Although this was the first quarter for a year when house price inflation was in single figures, it is still above the rate of inflation. Principality’s report shows that sales rose by 46% with more than 53,000 transactions in 2021, compared to 36,000 in 2020.
Tom Denman, Chief Financial Officer at Principality Building Society, said: “The housing market in Wales saw a 46% increase in sale activity in 2021, as prices hit a new peak, reflecting continued demand from potential buyers and a continued shortage of stock on the market. Continuing low mortgage rates and high savings accumulated during lockdown meant that some households decided it was the time to move to areas with more space as lots of people continued to work from home.
“We recognise that it is getting much harder now for younger generations in Wales to get on the property ladder, due to rising house prices, and difficulties saving for larger deposits. Most economic analysts predict rises will be moderate in 2022 as the effects of the transaction tax holiday subsides, but buying homes could become unaffordable for many people, partly because of the price rises that have already taken place in the past couple of years, however, this could start to put downward pressure on prices.

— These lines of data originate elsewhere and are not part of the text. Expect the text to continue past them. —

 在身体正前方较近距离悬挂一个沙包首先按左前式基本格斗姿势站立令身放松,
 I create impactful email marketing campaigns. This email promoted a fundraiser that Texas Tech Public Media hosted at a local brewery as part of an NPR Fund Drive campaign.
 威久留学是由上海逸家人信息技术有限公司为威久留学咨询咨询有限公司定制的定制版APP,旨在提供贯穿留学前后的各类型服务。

While the economy is returning to some degree of normality, wage rises are still well below general price inflation. The continued increase in energy costs, imminent national insurance rises on top of rising interest rates, will all be considerations for those looking to purchase in the future.”
In the final quarter of the year, 17 local authorities in Wales reported quarterly rises, up from 13 in Q3 2021, the strongest showing since earlier in 2021. Every local authority recorded a rise in prices when compared annually.

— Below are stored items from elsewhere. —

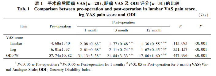 所有患者均顺利完成手术。手术时间85~130 min,平均手术时间(101.52±10.57)min,估计出血量<50 mL。硬膜囊撕裂1例,给予积极补液、床尾抬高等对症处理后症状缓解;短暂性下肢麻木1例,患者麻醉苏醒后诉患侧下肢麻木,术后观察6 h症状无明显缓解,给予甲强龙80 mg静脉输液治疗后,症状明显改善。所有病例均未发生血管、神经损伤、类脊髓高压反应等相关并发症,切口均一期愈合,无感染病例。
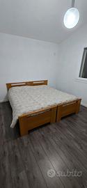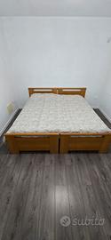 2 letti singoli misure 95 x 2000, compresi di struttura in legno, reti e materassi. In buono stato. Nella foto sono vicini per formare un matrimoniale.
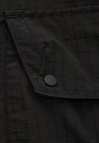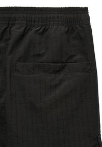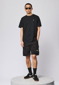 Hombre con pantalones cortos cargo negros, calcetines negros y zapatillas negras, de pie sobre una plataforma redonda gris contra un fondo liso.
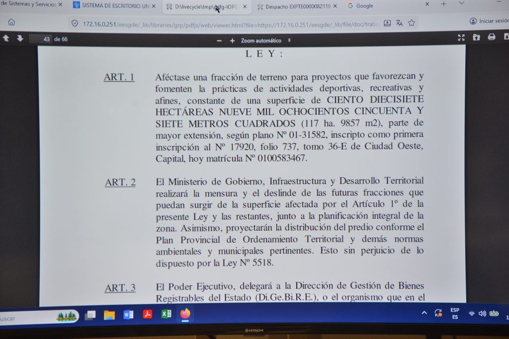 El articulado establece que el Ministerio de Gobierno, Infraestructura y Desarrollo Territorial será el encargado de realizar la mensura, el deslinde y la planificación integral del predio, conforme al Plan Provincial de Ordenamiento Territorial y la normativa ambiental vigente.

Merthyr Tydfil experienced the strongest house price growth of any local authority both annually (27.9%) and quarterly (16.9%). Neath Port Talbot also saw prices rise by 16.9% in Q4, after a fall in the previous quarter.

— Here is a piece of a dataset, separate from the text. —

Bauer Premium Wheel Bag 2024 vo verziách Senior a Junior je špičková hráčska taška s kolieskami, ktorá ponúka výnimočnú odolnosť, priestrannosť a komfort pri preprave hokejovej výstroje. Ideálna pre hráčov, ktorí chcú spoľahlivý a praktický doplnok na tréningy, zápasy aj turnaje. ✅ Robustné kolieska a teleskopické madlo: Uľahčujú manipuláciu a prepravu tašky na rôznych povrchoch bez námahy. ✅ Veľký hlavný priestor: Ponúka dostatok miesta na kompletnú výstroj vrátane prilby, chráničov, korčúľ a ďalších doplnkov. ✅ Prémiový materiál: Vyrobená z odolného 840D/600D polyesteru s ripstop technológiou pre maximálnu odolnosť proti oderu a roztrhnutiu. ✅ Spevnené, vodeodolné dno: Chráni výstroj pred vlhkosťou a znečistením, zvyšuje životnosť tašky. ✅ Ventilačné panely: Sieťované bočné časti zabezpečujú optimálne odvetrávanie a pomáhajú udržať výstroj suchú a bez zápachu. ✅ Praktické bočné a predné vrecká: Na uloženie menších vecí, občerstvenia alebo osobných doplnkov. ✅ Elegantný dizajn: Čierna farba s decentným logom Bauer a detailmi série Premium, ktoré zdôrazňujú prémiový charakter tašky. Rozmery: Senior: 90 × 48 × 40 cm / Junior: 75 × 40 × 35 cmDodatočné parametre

Anglesey - down nearly 4% - recorded the steepest decline over the quarter. However, where authorities reported lower prices, the changes were less pronounced than those in the third quarter.
Estimates suggest that there were around 13,400 transactions in Q4 2021, 6% higher than in Q3 but 4% below the bumper 14,000 in the last quarter of 2020. This is mainly due to a significant drop in sales of detached properties compared with a year earlier - down from 4,600 to 3,700. While the number of semi-detached homes sold was also a little less than a year ago, the sale of terraces and flats rose.
For the year as a whole, sales across all property types were 45-50% stronger than in 2020. However, sales of flats have barely recovered to the volumes seen in 2019, whereas house sales are up by as much as a fifth.